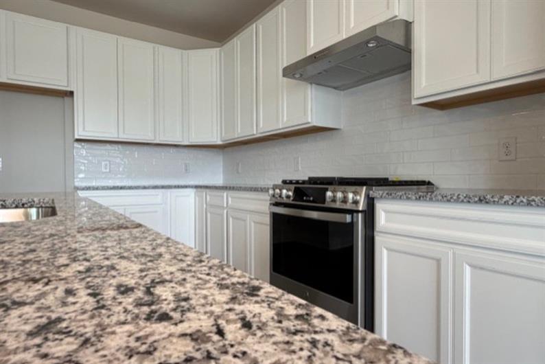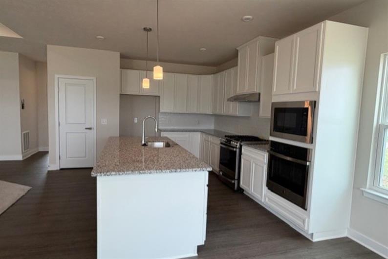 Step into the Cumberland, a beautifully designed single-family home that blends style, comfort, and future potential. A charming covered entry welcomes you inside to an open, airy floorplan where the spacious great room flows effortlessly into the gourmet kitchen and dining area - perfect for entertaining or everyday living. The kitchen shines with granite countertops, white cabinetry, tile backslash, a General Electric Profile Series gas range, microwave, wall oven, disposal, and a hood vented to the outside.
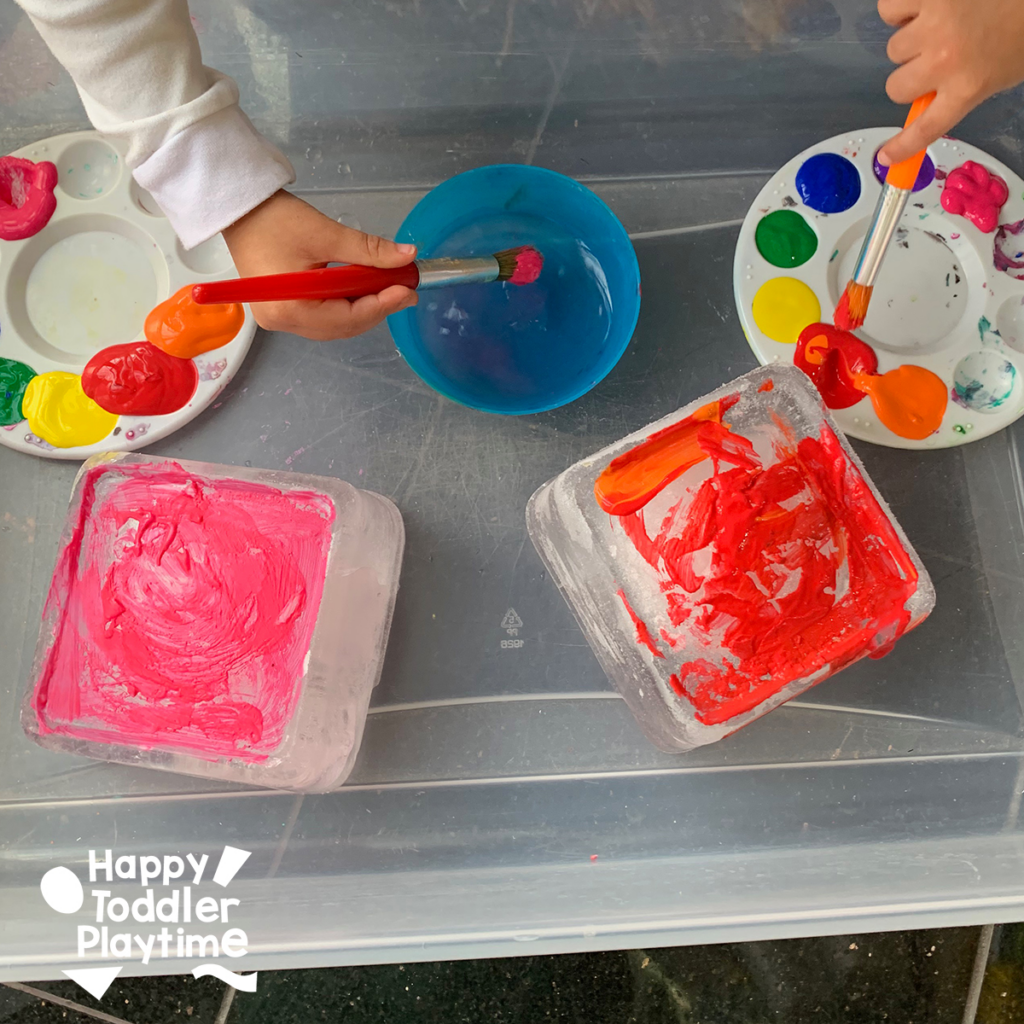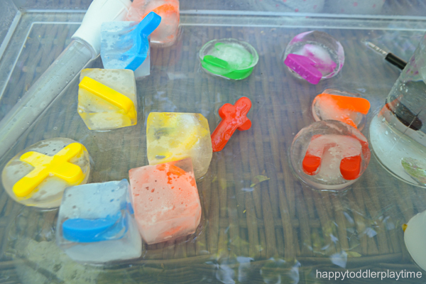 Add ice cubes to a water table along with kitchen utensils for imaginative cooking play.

--- --- ---

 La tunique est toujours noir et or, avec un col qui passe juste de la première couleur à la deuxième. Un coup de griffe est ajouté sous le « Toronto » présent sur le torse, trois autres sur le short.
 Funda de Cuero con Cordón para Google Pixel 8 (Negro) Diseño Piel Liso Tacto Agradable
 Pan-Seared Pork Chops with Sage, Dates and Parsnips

--- --- ---

* _Work required_: Using the data above, set down each line from the line with "Step into the" to the line with "Add ice cubes" exactly, both ends included, and leave the pictures behind. Nothing else belongs.

* _Solution below_:
 Step into the Cumberland, a beautifully designed single-family home that blends style, comfort, and future potential. A charming covered entry welcomes you inside to an open, airy floorplan where the spacious great room flows effortlessly into the gourmet kitchen and dining area - perfect for entertaining or everyday living. The kitchen shines with granite countertops, white cabinetry, tile backslash, a General Electric Profile Series gas range, microwave, wall oven, disposal, and a hood vented to the outside.
 Add ice cubes to a water table along with kitchen utensils for imaginative cooking play.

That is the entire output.